Cnemaspis muria

Scientific classification
- Kingdom: Animalia
- Phylum: Chordata
- Class: Reptilia
- Order: Squamata
- Suborder: Gekkota
- Family: Gekkonidae
- Genus: Cnemaspis
- Species: C. muria
- Binomial name: Cnemaspis muria Riyanto, Munir, Martamenggala, Fitriana, & Hamidy, 2019

= Cnemaspis muria =

- Authority: Riyanto, Munir, Martamenggala, Fitriana, & Hamidy, 2019

Species of lizard

Cnemaspis muria, the Muria rock gecko (Cicak Batu Gunung Muria), is a species of diurnal, rock-dwelling, insectivorous gecko endemic to Indonesia. It is distributed throughout Java. It was first identified by Riyanto et al (2019) on the southern slopes of Gunung Muria, a dormant volcano in central Java. To date, this is the only known location for the genus Cnemaspis on the island of Java. This discovery is geographically significant as the closest other species of Cnemaspis (C. rajabasa) was found in Lampung, roughly 580 km away. The holotype was caught at night and subsequent species were only found on large rocky microhabitats alongside rivers and coffee plantations. As it is an insectivore, it is believed to eat pests found on coffee plants; there are concerns about the use of insecticides jeopardizing the geckos as natural pest control agents.
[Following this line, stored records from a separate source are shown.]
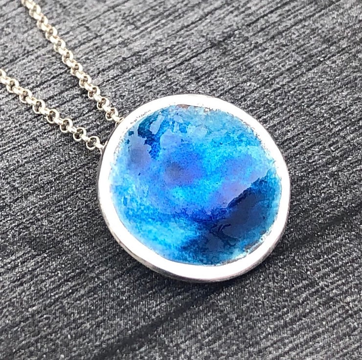 This enamel pendant was inspired by Mediterranean oceans. This simple but beautiful cup shaped pendant is like looking into the deep blue. I’ve used beautiful transparent blue enamels which allows you to see the texture beneath.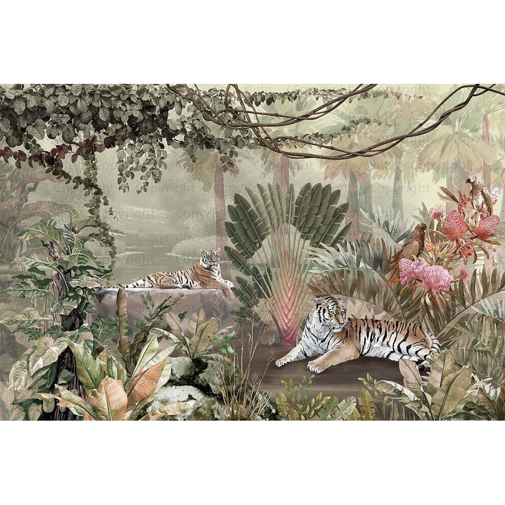 Exquisite Jungle Wallpaper Mural Tigers Tropical Flora Exotic Birds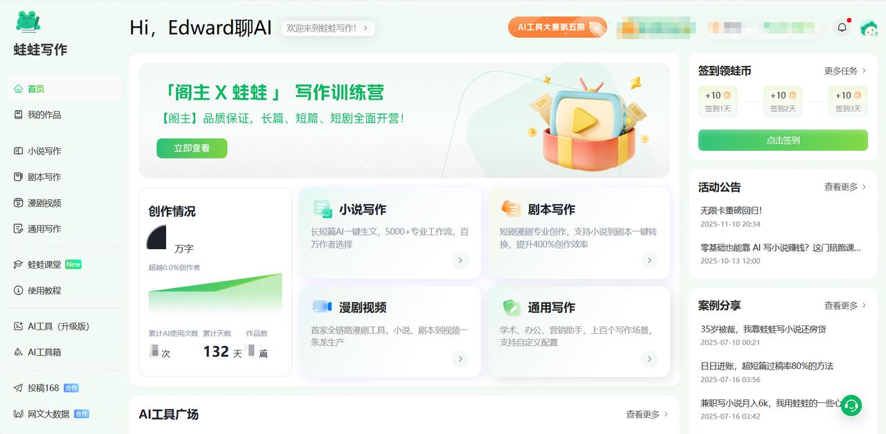 ✅ 推荐理由:如果你是纯粹的网文商业写作,蛙蛙写作的功能非常贴合实际操作流程。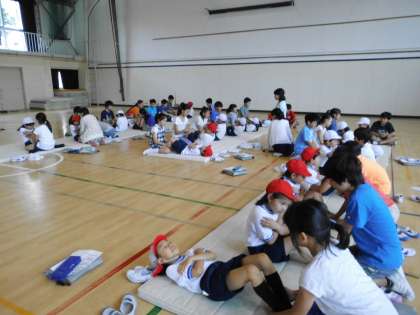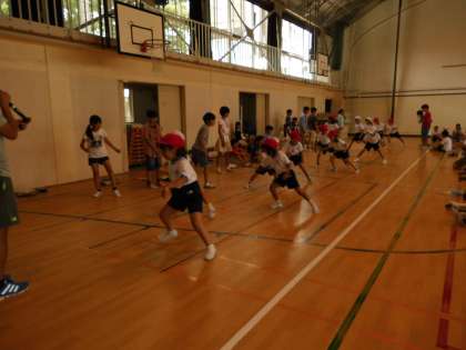 6年生が、1年生の体力テストの測定をお手伝いしてくれました。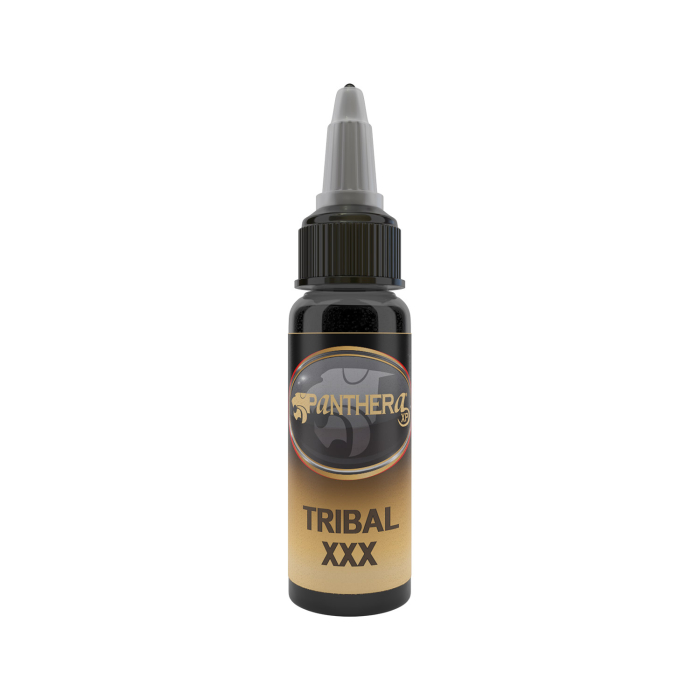 Panthera XXX Tribal är Pantheras mörkaste svarta. Dess mix garanterar en djup och sammetslen svart som förblir supermörk när den väl har läkt. Idealisk för fyllnader men kan också användas för solida linjer.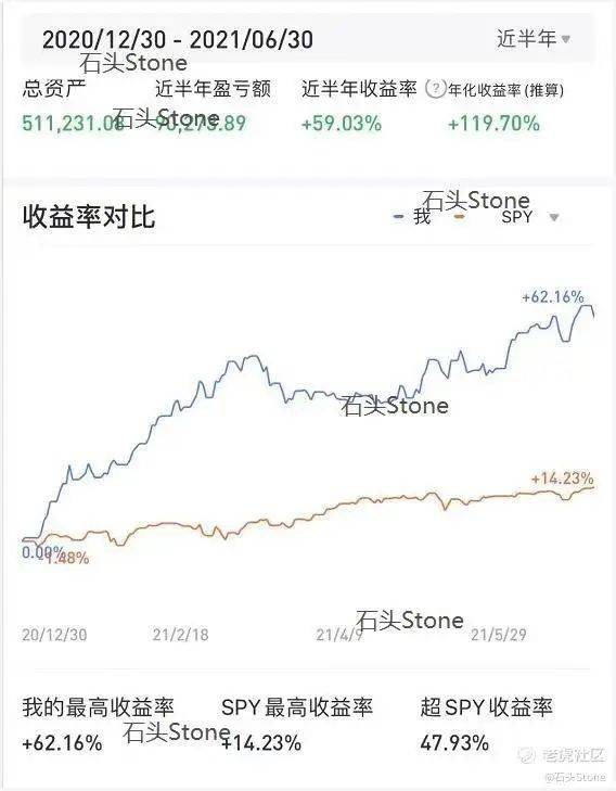 也有人因为盈利独树一帜。昵称“石头Stone”的用户在7月初发了一篇上半年交易复盘的帖子,本来是给自己做个笔记,没想到帖子火了。他的突然走红,是因为他上半年高达62%的收益率。
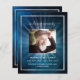 An elegant 2-page program. A dark blue sky as background, a faux silver looking frame, and space for a photo. Light beams behind the photo. Personalise and add name, dates and your text.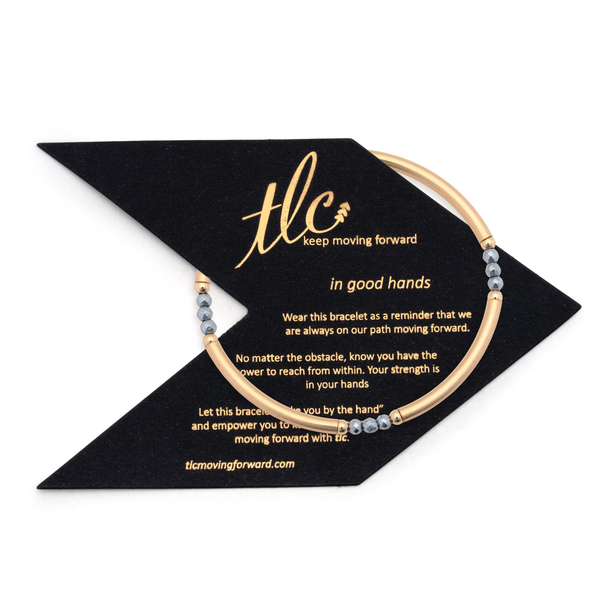 Each bracelet comes with an “in good hands” message card and tlc logo pouch.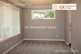 Welcome Home! we have a fantastic home available for rent in Puyallup, Five bedrooms, 2.75 baths. Open concept living, gourmet island kitchen (gas stove) with Quartz counters, all stainless appliances, a butler's pantry and formal dining room. Big living room with a gas FP and lots of windows for extra light. Sliders downstairs open to a private and fully fenced yard. Extra big mud room too. One bedroom and a 3/4 bath on the lower level. Upstairs we have a huge bonus space that transitions to the 4 other bedrooms. A big primary bedroom with private 5 piece bath with soaking tub. another full bathroom and 3 more bedrooms! Close to Egerton Elementary school. Lawn care is included with rent. Tenants are responsible for obtaining and maintaining renter's insurance throughout entire tenancy. Utilities not included. For further details or to schedule a viewing, please contact the leasing team at SJC Management Group today!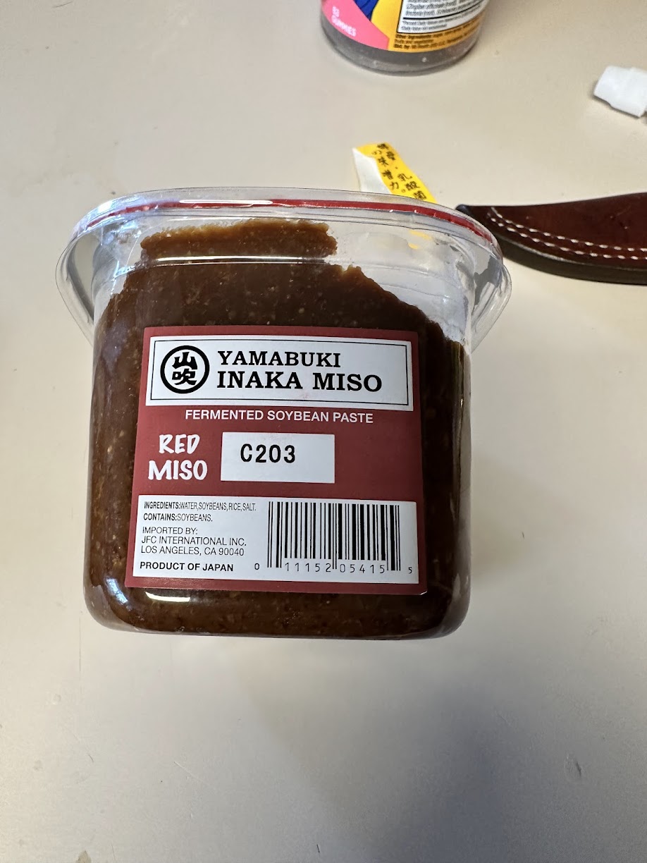 - 4 Tbsp miso (about 1 Tbsp per cup of dashi – we like Yamabuki Inaka Miso refers to a type of traditional Japanese fermented soybean paste, combining the brand name “Yamabuki” with “Inaka” (countryside), indicating a robust, homemade-style red or brown miso, often with a strong umami, rich flavor from long fermentation, used for soups, dressings, and pickles, distinct from paler, sweeter misos)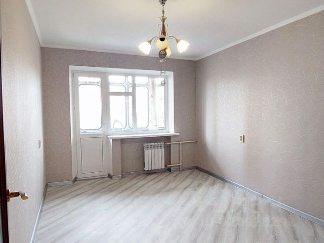 В квартире выполнен ремонт в светлых и спокойных тонах. Хорошая планировка с комнатой правильной прямоугольной формы и просторной кухней, в которой уже установлен кухонный гарнитур. Санузел совмещен, установлена новая качественная сантехника. С кухни есть выход на застекленную лоджию.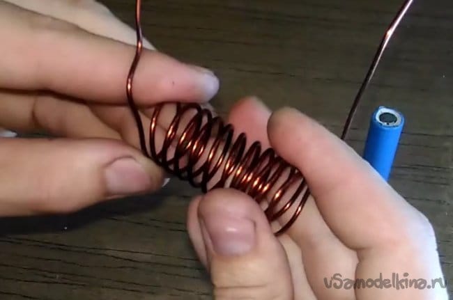 Шаг 1: Намотка катушки. Первым делом намотаем провод 1.4мм2 на "форму" (еще раз напомню что в качестве "формы" я буду использовать аккумулятор формата 18650) что-бы получить катушку.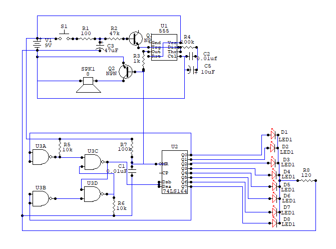 Roulette Board created using a 555 Timer IC and a series of capacitors and transistors.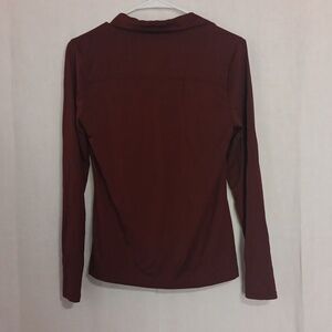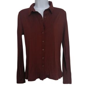 Loft Maroon Lyocell Long Sleeve Collared Button Up Size Small
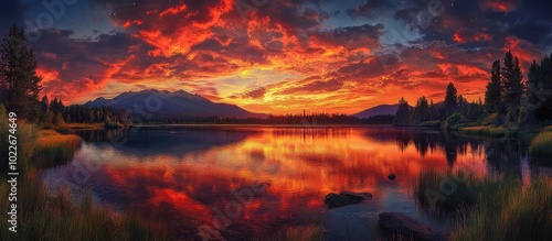 Obraz premium A vibrant sunset over a tranquil lake, reflecting fiery clouds and a mountain...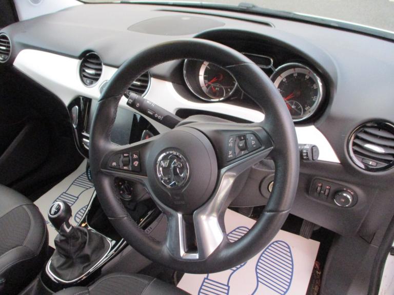 THJIS VEHICLE COMES WITH 1 YEARS MOT, WARRANTIED, SERVICED AND FULLY VALETED. A BEAUTIFUL, 2 OWNER, EXTREMELY LOW MILEAGE, HIGH SPECIFICATION 1.2i GRIFFIN EXAMPLE OF THIS POPULAR VAUXHALL ADAM - STUNNING IN A BRIGHT WHITE FINISH WITH BLACK ROOF, MIRRORS AND 8 SPOKE ALLOYS + JUST 6,697 MILES !!!! ( SIX THOUSAND ) !!!!! GREAT SPECIFICATION INCLUDING HALF LEATHER SEATS, TOUCH SCREEN INCORPORATING SAT-NAV, DAB RADIO, AUX. PLAY AND VOICE CONTROLLED BLUETOOTH. CITY PACK FOR LIGHTER STEERING IN TIGHT SPACES, CRUISE CONTROL, AIR-CON, ELECTRIC WINDOWS AND MIRRORS, LEATHER COVERED STEERING WHEEL AND GEAR LEVER, SPOTS ISOFIX. LOW INSURANCE GROUP 3E - IDEAL FIRST CAR OR FAMILY SECOND CAR.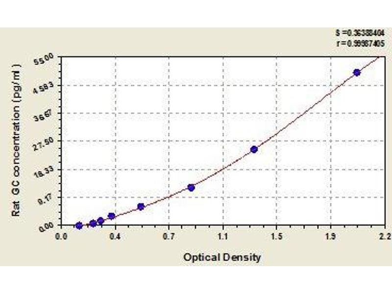 This assay employs the quantitative sandwich enzyme immunoassay technique. Antibody specific for GC has been pre-coated onto a microplate. Standards and samples are pipetted into the wells and any GC present is bound by the immobilized antibody. After removing any unbound substances, a biotin-conjugated antibody specific for GC is added to the wells. After washing, avidin conjugated Horseradish Peroxidase (HRP) is added to the wells. Following a wash to remove any unbound avidin-enzyme reagent, a substrate solution is added to the wells and color develops in proportion to the amount of GC bound in the initial step. The color development is stopped and the intensity of the color is measured.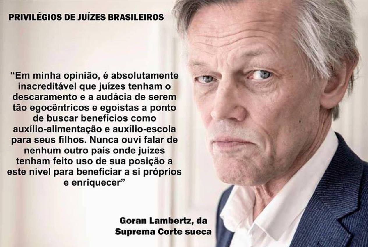 Os juízes suecos não têm mamata nenhuma. Pagam suas próprias casas e seus pratos de comida, como todo mundo. Abastecem seus carros particulares com seu dinheiro. Recebem seus salários e ponto.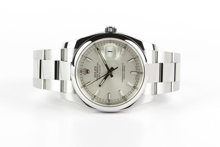 Datejust i stål med sølvfarvet skive og streg index. Uret måler 36 mm. Værket er med automatisk optræk. Der medfølger boks, papirer og certifikat (DK)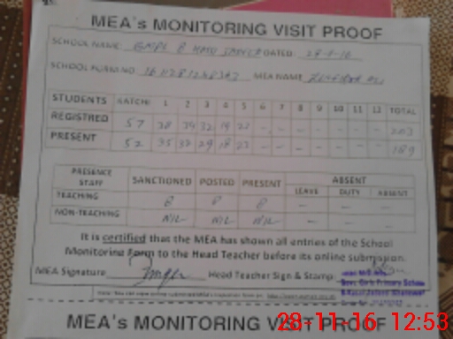| Attendance Register | Head Teacher | MEA with School | Visit Proof |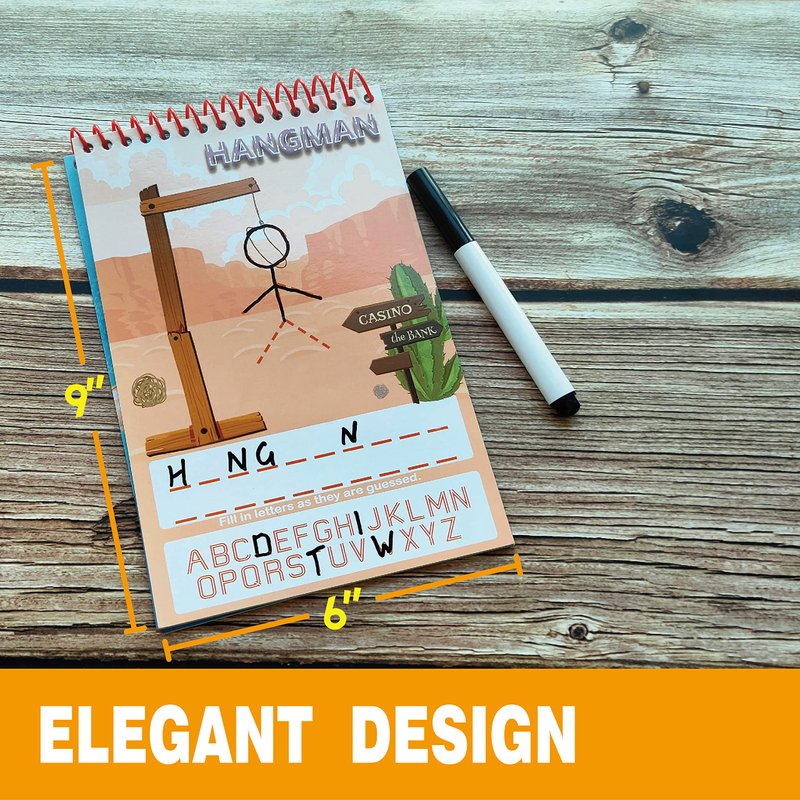 - Including: 2 spiral binding game pads ( 9”X 6”each) with bonus 2 water-based marker. Have fun with these screen free games !!!

In the initial reporting, only a single female was identified; however the species appears to be sexually dimorphic in regards to the ventral color pattern. The males identified have a yellow belly, compared to the white belly of the female. The ventral surface of the tail is yellow and white in males whereas the female's tail has alternating black and white rings bands which completely encircle the tail.